HD 207129

Observation data Epoch J2000.0 Equinox J2000.0 (ICRS)
- Constellation: Grus
- Right ascension: 21^{h} 48^{m} 15.7512^{s}
- Declination: −47° 18′ 13.018″
- Apparent magnitude (V): 5.57

Characteristics
- Evolutionary stage: main sequence
- Spectral type: G2V
- U−B color index: +0.08
- B−V color index: +0.60

Astrometry
- Radial velocity (R_{v}): −7.55±0.12 km/s
- Proper motion (μ): RA: +165.069 mas/yr Dec.: −295.553 mas/yr
- Parallax (π): 64.2717±0.0430 mas
- Distance: 50.75 ± 0.03 ly (15.56 ± 0.01 pc)
- Absolute magnitude (M_{V}): +4.55

Details
- Mass: 1.06±0.01 M_{☉}
- Radius: 1.062±0.008 R_{☉}
- Luminosity: 1.219±0.007 L_{☉}
- Surface gravity (log g): 4.47±0.01 cgs
- Temperature: 5,932±3 K
- Metallicity [Fe/H]: −0.007±0.003 dex
- Rotation: ~12.6 days
- Rotational velocity (v sin i): 2 km/s
- Age: 2.70+0.23 −0.28 Gyr
- Other designations: CD−47 13928, CPD−47 9758, FK5 1573, GC 30516, GJ 838, HD 207129, HIP 107649, HR 8323, SAO 230846, PPM 327579, CCDM J21483-4718A, WDS J21483-4718A, LTT 8704, NLTT 52100, IDS 21418-4746 A

Database references
- SIMBAD: data

= HD 207129 =

Star in the constellation Grus

HD 207129 is a G-type main-sequence star about 50.7 light-years away in the constellation of Grus.
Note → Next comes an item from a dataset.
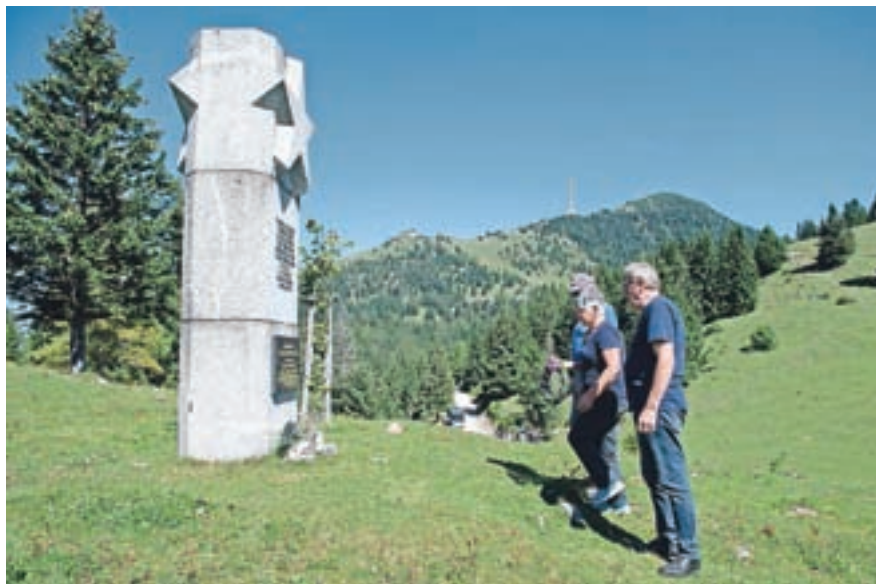
Pri osrednjem spomeniku na planini Jezerca na Krvavcu je delegacija ZB za vrednote NOB Cerklje položila venec.

It has an apparent visual magnitude of approximately 5.6. This is a Sun-like star with the same stellar classification (G2V) and a similar mass. It is roughly the same age as the Sun, but has a lower abundance of elements other than hydrogen and helium, which astronomers refer to as the star's metallicity.

A debris disk has been imaged around this star in visible light using the ACS instrument on the Hubble Space Telescope; it has also been imaged in the infrared (70 μm) using the MIPS instrument on the Spitzer Space Telescope. Based on the ACS image, the disk appears to have a radius of about 163 astronomical units and to be about 30 AU wide, and to be inclined at 60° to the plane of the sky.

Another star, CCDM J21483-4718B (also designated CD−47 13929 or WDS J21483-4718B), of apparent visual magnitude 8.7, has been observed 55 arcseconds away from this star, but based on comparison of proper motions, it is believed to be an optical double and not physically related to its companion. Gaia astrometry shows that this star has a much smaller parallax than HD 207129, confirming that it is an unrelated background star.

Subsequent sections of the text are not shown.